Try it: Leaving the pictures out, print the lines from the first line of the listing through the line containing "This study proposes", exactly as they read, and no others.

Data segment:
┄┄┄┄┄┄┄┄┄┄
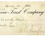 - 1914 Kineo Trust Company Bank Check E.A. Sampson Dover Maine Signed 6218 CHX10
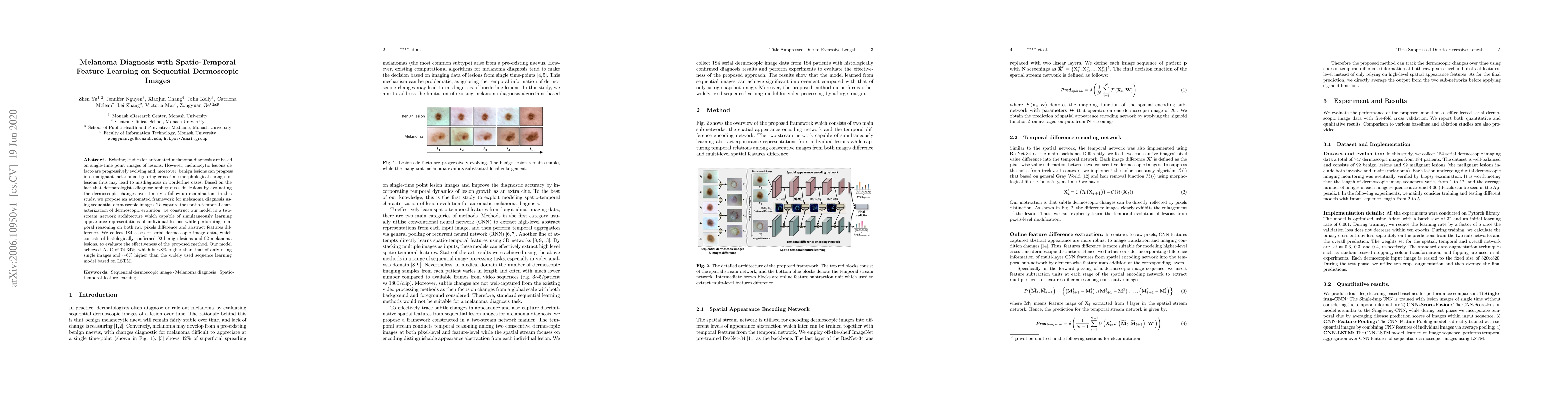 This study proposes an automated melanoma diagnosis framework using sequential dermoscopic images to capture the spatio-temporal evolution of lesions, achieving an AUC of 74.34%, outperforming methods that rely solely on single-time point images or traditional LSTM models.
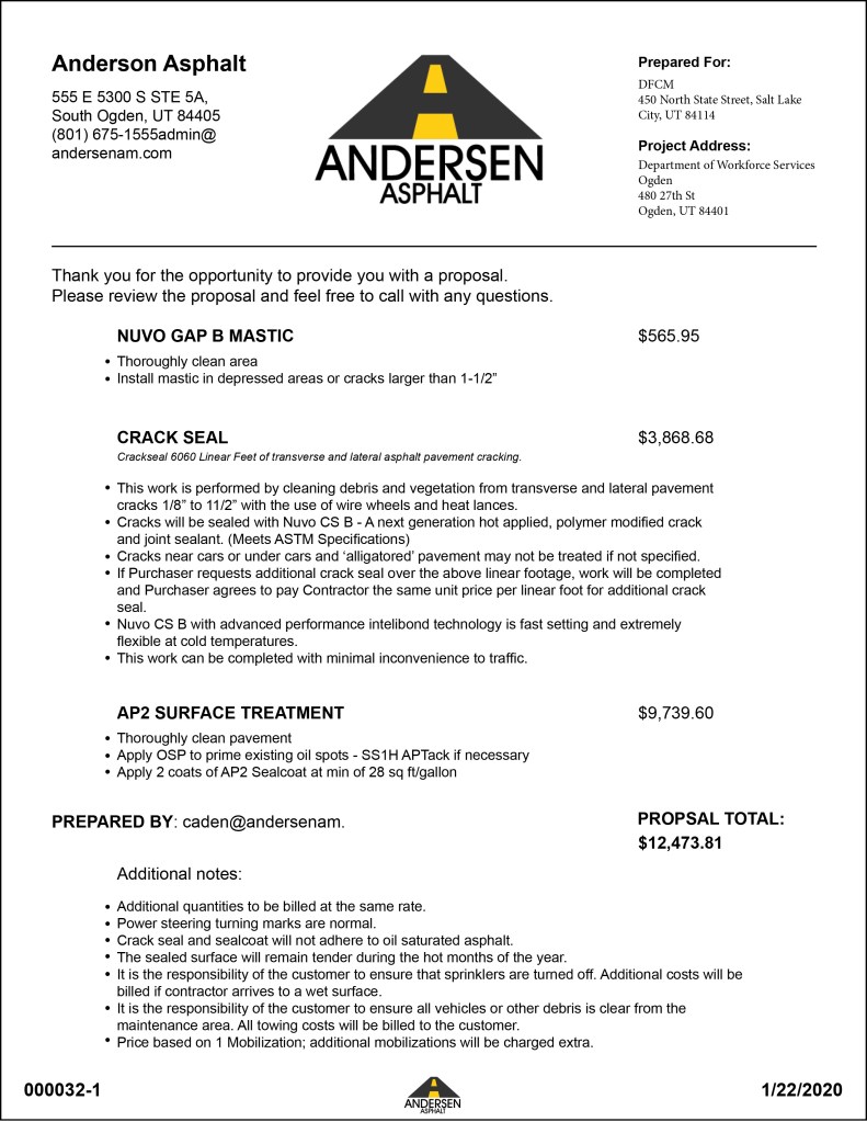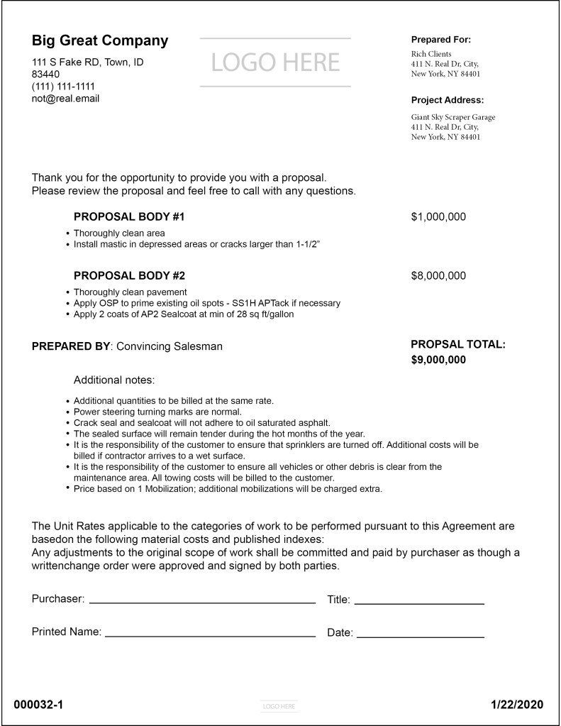 The current simple proposal templates on Pavement Soft were a little difficult to read and not organized very neatly. I was asked to re-design the layout for the templates that will be implemented into the software
┄┄┄┄┄┄┄┄┄┄
Task answer:
 - 1914 Kineo Trust Company Bank Check E.A. Sampson Dover Maine Signed 6218 CHX10
 This study proposes an automated melanoma diagnosis framework using sequential dermoscopic images to capture the spatio-temporal evolution of lesions, achieving an AUC of 74.34%, outperforming methods that rely solely on single-time point images or traditional LSTM models.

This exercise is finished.